Dedication: Cork University Hospital housekeeping staff, from left, Geraldine Barry, Fiona Grant, Ian Morey, Haylen Gaffney, Margaret Gallahue and Linda Heaney. Photo: Daragh Mc Sweeney/Provision

Dedication: Cork University Hospital housekeeping staff, from left, Geraldine Barry, Fiona Grant, Ian Morey, Haylen Gaffney, Margaret Gallahue and Linda Heaney. Photo: Daragh Mc Sweeney/Provision

Ian Morey ends his 12-hour day by stripping off his clothes at the side door of his home. He puts them in the bag his girlfriend will have left out for him. He dashes inside to the shower for a thorough soaping, dons clean clothes and gloves, retrieves the bag from outside and shoves its contents into the washing machine on a hot cycle.

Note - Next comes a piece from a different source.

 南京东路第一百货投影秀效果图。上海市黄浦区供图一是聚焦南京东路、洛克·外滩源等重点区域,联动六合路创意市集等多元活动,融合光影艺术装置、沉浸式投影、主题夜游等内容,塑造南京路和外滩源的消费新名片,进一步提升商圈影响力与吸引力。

"I am very cautious. I shaved my hair the other day. I have young kids at home and my girlfriend is pregnant," he says. This is life on the front line for the often-unsung heroes in the war on the coronavirus.

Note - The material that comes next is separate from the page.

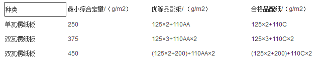瓦楞紙闆(pǎn)的最小綜(zōng)合定量在(zai)瓦楞紙闆(pǎn)原紙配紙(zhǐ)方🌈案中就(jiu)已考慮進(jin)去。例如表(biǎo)1的配紙方(fāng)案: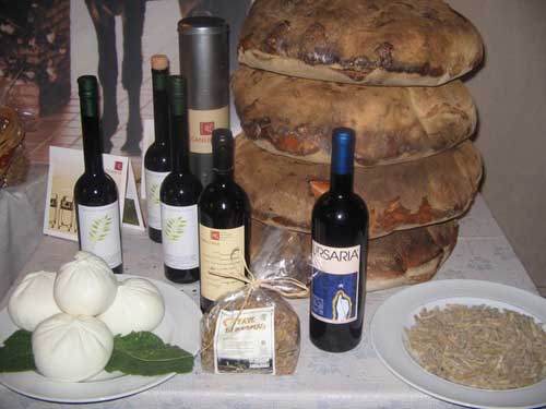I PRODOTTI ORSARESI valorizzati a Orvieto = Nella “Casa del gusto”, lo stand allestito nel centro storico di Orvieto, Orsara di Puglia ha esposto e venduto il paniere completo dei suoi prodotti tipici, a cominciare dal cacio ricotta, formaggio fresco realizzato stagionalmente con latte di capra, ricco di un gusto a cui la tradizionale forma “a pera” dona una particolarità in più per proseguire con miele, salumi, olio, pane e vino. Assieme ai prodotti orsaresi, la “Casa del Gusto” ha valorizzato anche la Fava di Carpino, un presidio slow food che arricchisce lo scrigno di genuinità rappresentato dalla cultura enogastronomica dell’intera provincia foggiana (info: www.orsarainforma.blogspot.com).

In his sweeping lockdown speech to the nation, Taoiseach Leo Varadkar lauded superheroes in scrubs and gowns. Add to that the heroes who wield mops. Hospital cleaning staff are the first line of defence against the virus, the ground troops who move in to destroy it, clearing a safe path for the medical teams and patients following behind.